Erica Warren, Associate Curator of Textiles at The Art Institute of Chicago, who organized this exhibition, briefly emphasized the power of Butler’s approach:
The vibrancy and scale of Butler’s work really captivates viewers, and once they are pulled in, they experience an often startling realization regarding materiality; that is, they discover what they are looking at is fabric rather than paint. This surprise paired with the arresting faces of her subjects fuels even closer looking. The complementary layers of narrative and materials create an immersive, dazzling, and compelling aesthetic experience.
Butler made her first portrait quilt called Francis and Violette (Grandparents), while attending Montclair State University in New Jersey. Although trained as a painter, she shifted to textiles while pregnant and felt more connected with her mother and grandmother who taught her to sew.
One of the exhibition highlights is the work called The Safety Patrol, a large-scale portrait, based on the photograph by Charles Tennie Harris which depicts a young boy with his arms stretched protecting six children standing behind him.

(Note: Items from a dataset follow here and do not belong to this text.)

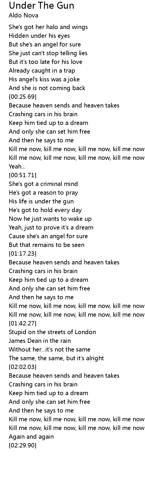 | [00:58.32] | His life is under the gun |
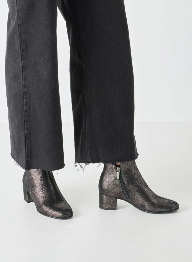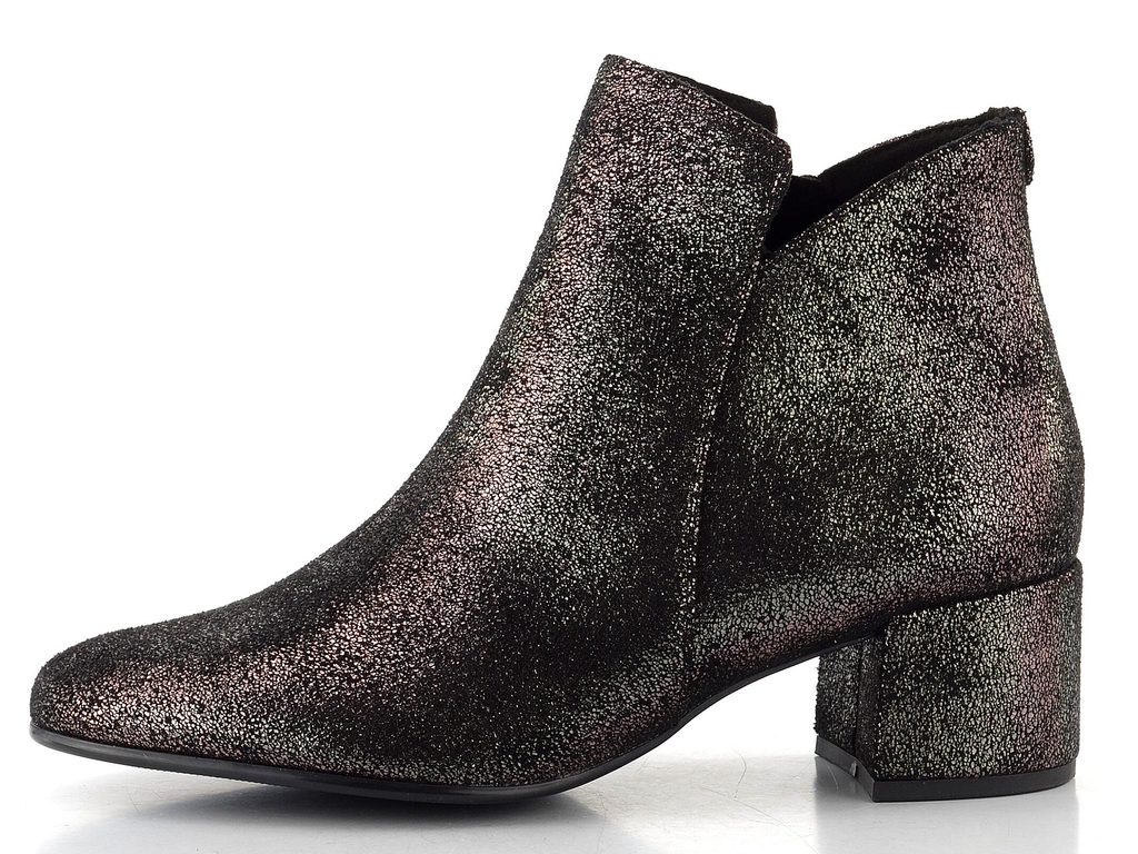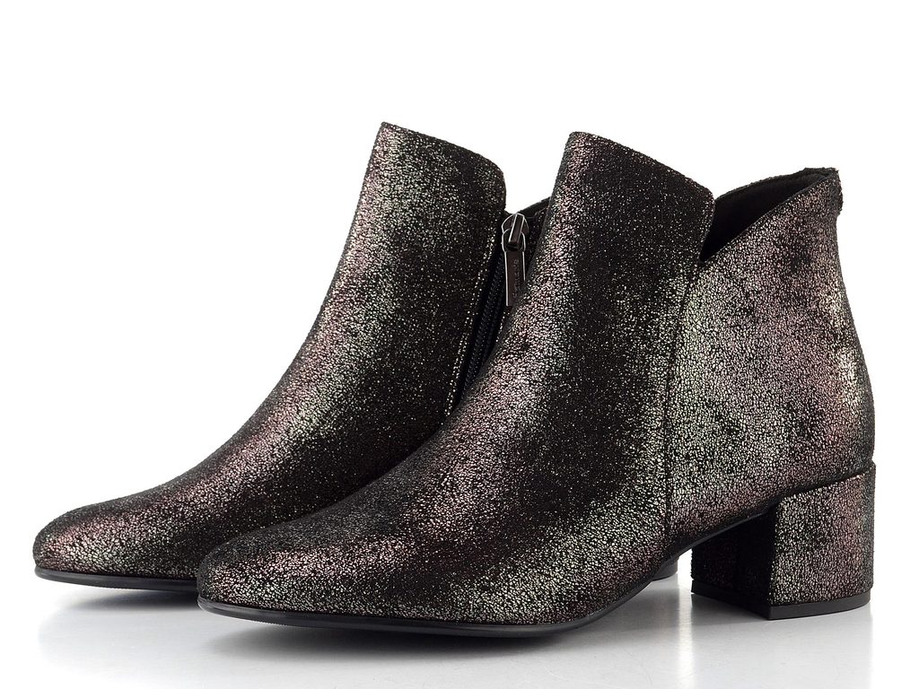 Elegantní dámský kotník ze třpytivé textilie s vnitřním zipem a pohodlným širokým podpatkem .
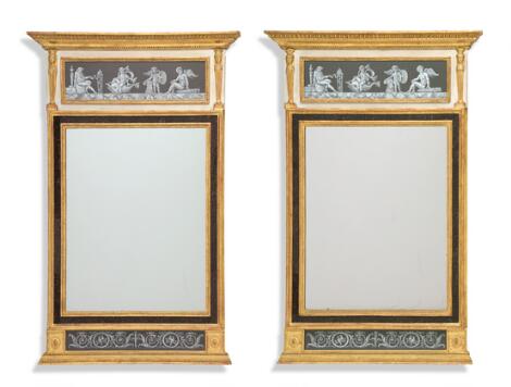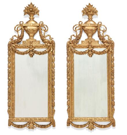 Johan Åkerblad: Et par sengustavianske spejle af forgyldt træ, begge stemplet på bagsiden med kronet IÅ. Stockholm. 18. årh.s slutning. H. 150 B. 77. (2
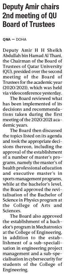 Deputy Amir chairs 2nd meeting of QU Board of Trustees

To show the full scope of her work and contextualize it well, Butler’s works are exhibited next to the photographs of Gordon Parks, as well as several artworks by Barbara Jones-Hogu and Nelson Steven, members of AfriCOBRA.
This exhibition is jointly organized by the Katonah Museum of Art and the Art Institute Chicago and is accompanied by a catalogue.
Bisa Butler: Portraits will be on display at The Art Institute Chicago until 19 April 2021.
Featured image: Bisa Butler - I Know Why the Caged Bird Sings, 2019. Minneapolis Institute of Art. Promised gift on long-term loan from a private collection. © Bisa Butler. Photo by Margaret Fox. All images courtesy The Art Institute of Chicago.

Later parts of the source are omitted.